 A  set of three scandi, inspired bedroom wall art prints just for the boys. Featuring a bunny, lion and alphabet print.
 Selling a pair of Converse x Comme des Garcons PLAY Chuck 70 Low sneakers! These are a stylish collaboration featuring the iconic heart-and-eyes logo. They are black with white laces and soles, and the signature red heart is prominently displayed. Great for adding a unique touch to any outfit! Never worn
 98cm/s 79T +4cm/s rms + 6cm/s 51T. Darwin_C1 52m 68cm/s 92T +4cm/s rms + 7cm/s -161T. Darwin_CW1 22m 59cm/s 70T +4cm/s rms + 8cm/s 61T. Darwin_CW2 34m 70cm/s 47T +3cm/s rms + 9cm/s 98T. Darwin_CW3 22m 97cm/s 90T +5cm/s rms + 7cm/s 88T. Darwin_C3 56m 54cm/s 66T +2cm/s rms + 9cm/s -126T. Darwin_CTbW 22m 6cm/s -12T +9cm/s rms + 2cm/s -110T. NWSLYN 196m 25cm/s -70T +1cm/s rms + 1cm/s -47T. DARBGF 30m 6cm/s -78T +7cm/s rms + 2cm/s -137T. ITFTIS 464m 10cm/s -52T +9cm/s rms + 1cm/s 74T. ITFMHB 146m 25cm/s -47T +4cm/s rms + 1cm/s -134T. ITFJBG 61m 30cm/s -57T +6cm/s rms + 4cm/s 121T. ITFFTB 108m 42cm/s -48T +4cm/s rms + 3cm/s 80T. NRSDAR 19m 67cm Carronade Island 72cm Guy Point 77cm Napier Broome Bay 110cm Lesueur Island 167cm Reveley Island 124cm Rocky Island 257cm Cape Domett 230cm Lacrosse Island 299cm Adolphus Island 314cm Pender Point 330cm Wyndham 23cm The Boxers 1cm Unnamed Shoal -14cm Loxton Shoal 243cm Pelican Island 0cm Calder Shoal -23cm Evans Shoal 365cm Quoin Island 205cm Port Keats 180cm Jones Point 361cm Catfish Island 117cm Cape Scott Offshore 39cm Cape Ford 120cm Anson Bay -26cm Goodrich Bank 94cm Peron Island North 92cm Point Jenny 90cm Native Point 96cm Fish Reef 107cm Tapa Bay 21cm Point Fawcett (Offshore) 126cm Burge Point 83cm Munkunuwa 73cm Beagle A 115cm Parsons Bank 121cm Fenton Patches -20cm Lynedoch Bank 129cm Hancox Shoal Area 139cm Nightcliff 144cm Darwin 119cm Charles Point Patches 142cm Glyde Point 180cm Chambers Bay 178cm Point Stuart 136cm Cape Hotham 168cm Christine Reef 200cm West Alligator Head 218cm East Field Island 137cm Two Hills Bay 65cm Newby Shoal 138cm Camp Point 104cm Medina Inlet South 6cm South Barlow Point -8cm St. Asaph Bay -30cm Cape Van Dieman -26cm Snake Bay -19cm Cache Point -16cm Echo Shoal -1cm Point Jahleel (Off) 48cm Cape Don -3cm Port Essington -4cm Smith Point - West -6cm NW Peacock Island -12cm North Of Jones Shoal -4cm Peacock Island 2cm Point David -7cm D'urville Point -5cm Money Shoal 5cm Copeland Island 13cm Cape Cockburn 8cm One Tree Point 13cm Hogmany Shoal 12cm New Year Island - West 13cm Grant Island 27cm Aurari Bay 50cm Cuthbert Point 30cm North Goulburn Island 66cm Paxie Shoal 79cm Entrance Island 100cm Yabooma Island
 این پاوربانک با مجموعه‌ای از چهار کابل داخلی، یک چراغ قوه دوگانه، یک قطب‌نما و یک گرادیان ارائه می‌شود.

■ **Exercise**: Print the listing in full, exactly as given.

■ **Response area**:
 A  set of three scandi, inspired bedroom wall art prints just for the boys. Featuring a bunny, lion and alphabet print.
 Selling a pair of Converse x Comme des Garcons PLAY Chuck 70 Low sneakers! These are a stylish collaboration featuring the iconic heart-and-eyes logo. They are black with white laces and soles, and the signature red heart is prominently displayed. Great for adding a unique touch to any outfit! Never worn
 98cm/s 79T +4cm/s rms + 6cm/s 51T. Darwin_C1 52m 68cm/s 92T +4cm/s rms + 7cm/s -161T. Darwin_CW1 22m 59cm/s 70T +4cm/s rms + 8cm/s 61T. Darwin_CW2 34m 70cm/s 47T +3cm/s rms + 9cm/s 98T. Darwin_CW3 22m 97cm/s 90T +5cm/s rms + 7cm/s 88T. Darwin_C3 56m 54cm/s 66T +2cm/s rms + 9cm/s -126T. Darwin_CTbW 22m 6cm/s -12T +9cm/s rms + 2cm/s -110T. NWSLYN 196m 25cm/s -70T +1cm/s rms + 1cm/s -47T. DARBGF 30m 6cm/s -78T +7cm/s rms + 2cm/s -137T. ITFTIS 464m 10cm/s -52T +9cm/s rms + 1cm/s 74T. ITFMHB 146m 25cm/s -47T +4cm/s rms + 1cm/s -134T. ITFJBG 61m 30cm/s -57T +6cm/s rms + 4cm/s 121T. ITFFTB 108m 42cm/s -48T +4cm/s rms + 3cm/s 80T. NRSDAR 19m 67cm Carronade Island 72cm Guy Point 77cm Napier Broome Bay 110cm Lesueur Island 167cm Reveley Island 124cm Rocky Island 257cm Cape Domett 230cm Lacrosse Island 299cm Adolphus Island 314cm Pender Point 330cm Wyndham 23cm The Boxers 1cm Unnamed Shoal -14cm Loxton Shoal 243cm Pelican Island 0cm Calder Shoal -23cm Evans Shoal 365cm Quoin Island 205cm Port Keats 180cm Jones Point 361cm Catfish Island 117cm Cape Scott Offshore 39cm Cape Ford 120cm Anson Bay -26cm Goodrich Bank 94cm Peron Island North 92cm Point Jenny 90cm Native Point 96cm Fish Reef 107cm Tapa Bay 21cm Point Fawcett (Offshore) 126cm Burge Point 83cm Munkunuwa 73cm Beagle A 115cm Parsons Bank 121cm Fenton Patches -20cm Lynedoch Bank 129cm Hancox Shoal Area 139cm Nightcliff 144cm Darwin 119cm Charles Point Patches 142cm Glyde Point 180cm Chambers Bay 178cm Point Stuart 136cm Cape Hotham 168cm Christine Reef 200cm West Alligator Head 218cm East Field Island 137cm Two Hills Bay 65cm Newby Shoal 138cm Camp Point 104cm Medina Inlet South 6cm South Barlow Point -8cm St. Asaph Bay -30cm Cape Van Dieman -26cm Snake Bay -19cm Cache Point -16cm Echo Shoal -1cm Point Jahleel (Off) 48cm Cape Don -3cm Port Essington -4cm Smith Point - West -6cm NW Peacock Island -12cm North Of Jones Shoal -4cm Peacock Island 2cm Point David -7cm D'urville Point -5cm Money Shoal 5cm Copeland Island 13cm Cape Cockburn 8cm One Tree Point 13cm Hogmany Shoal 12cm New Year Island - West 13cm Grant Island 27cm Aurari Bay 50cm Cuthbert Point 30cm North Goulburn Island 66cm Paxie Shoal 79cm Entrance Island 100cm Yabooma Island
 این پاوربانک با مجموعه‌ای از چهار کابل داخلی، یک چراغ قوه دوگانه، یک قطب‌نما و یک گرادیان ارائه می‌شود.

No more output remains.